**WORK REQUIRED**
Output the whole listing below exactly, omitting the images.

(EXERCISE DATA)

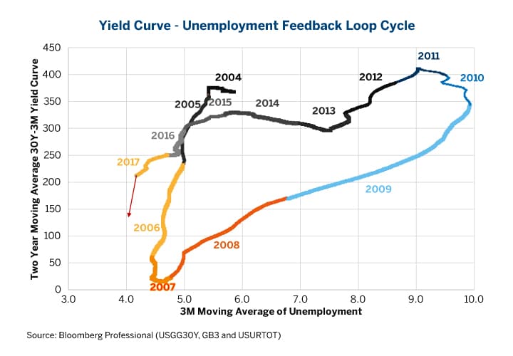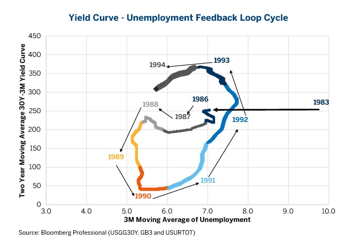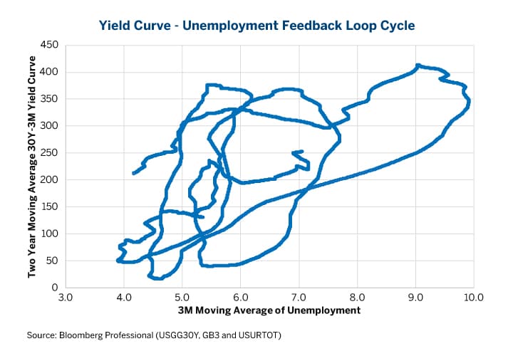 - Like with the VIX and credit spreads, unemployment is also involved in a cycle with the yield curve.
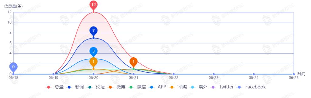 截至目前,該文章在互聯(lián)網(wǎng)上傳播總量共15篇。其中,6月20日是傳播的高峰期,共傳播12篇文章。各信源的信息發(fā)布情況中,新聞信息占比最大,其次是APP和微信,占比分別為53.33%、20.00%、13.33%。(數(shù)據(jù)來源:新華睿思數(shù)據(jù)云圖分析平臺)
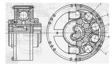圖4滾輪傳力式內(nèi)曲線馬達(dá)的結(jié)構(gòu)
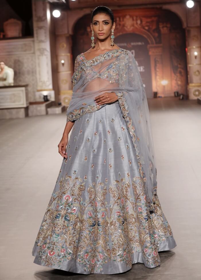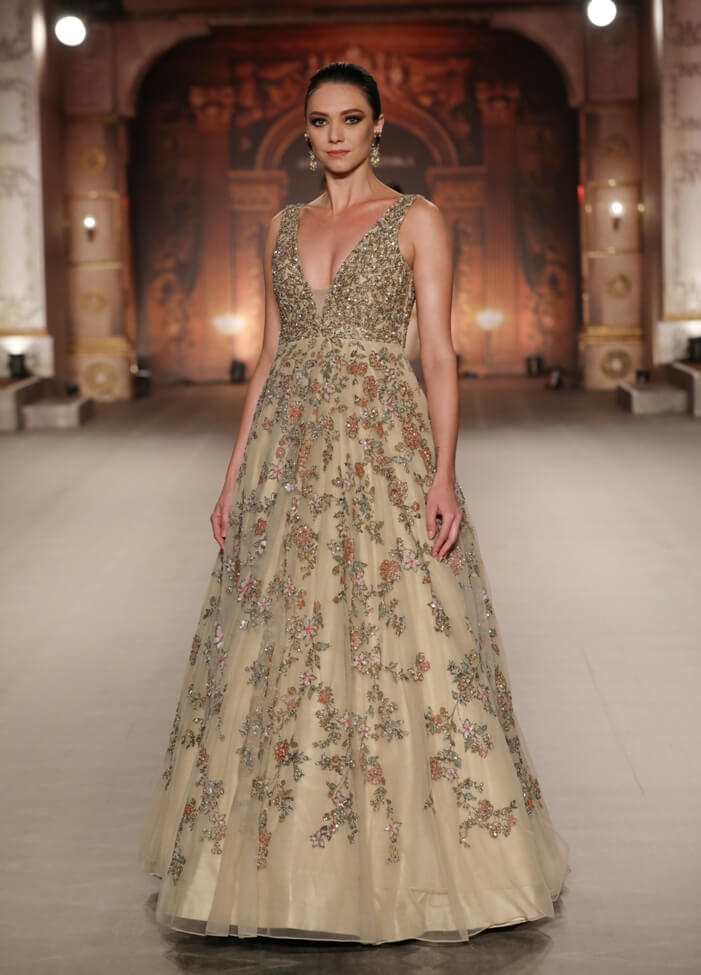 Shyamal & Bhumika couture is an evolution of traditional embroidery techniques using unique materials and fine detailing season after season. One gets to see intricate embellishments and surface ornamentations with elaborate beading, silk thread embroidery and floral motifs in gold zardosi thread. Inspired by inlay samples in museums, vintage European paintings, architectural details, mogul florals, renaissance costumes, and most importantly the 15th century opera theatre set, the designers have used the most colourful silk threads in delicate embroideries that adorn lustrous silks while making a slight departure from the traditional fashion. Shyamal & Bhumika signature cutwork edging and painterly florals signifies the couple’s beautiful love story.

(End EXERCISE DATA)

**SOLUTION**
 - Like with the VIX and credit spreads, unemployment is also involved in a cycle with the yield curve.
 截至目前,該文章在互聯(lián)網(wǎng)上傳播總量共15篇。其中,6月20日是傳播的高峰期,共傳播12篇文章。各信源的信息發(fā)布情況中,新聞信息占比最大,其次是APP和微信,占比分別為53.33%、20.00%、13.33%。(數(shù)據(jù)來源:新華睿思數(shù)據(jù)云圖分析平臺)
圖4滾輪傳力式內(nèi)曲線馬達(dá)的結(jié)構(gòu)
 Shyamal & Bhumika couture is an evolution of traditional embroidery techniques using unique materials and fine detailing season after season. One gets to see intricate embellishments and surface ornamentations with elaborate beading, silk thread embroidery and floral motifs in gold zardosi thread. Inspired by inlay samples in museums, vintage European paintings, architectural details, mogul florals, renaissance costumes, and most importantly the 15th century opera theatre set, the designers have used the most colourful silk threads in delicate embroideries that adorn lustrous silks while making a slight departure from the traditional fashion. Shyamal & Bhumika signature cutwork edging and painterly florals signifies the couple’s beautiful love story.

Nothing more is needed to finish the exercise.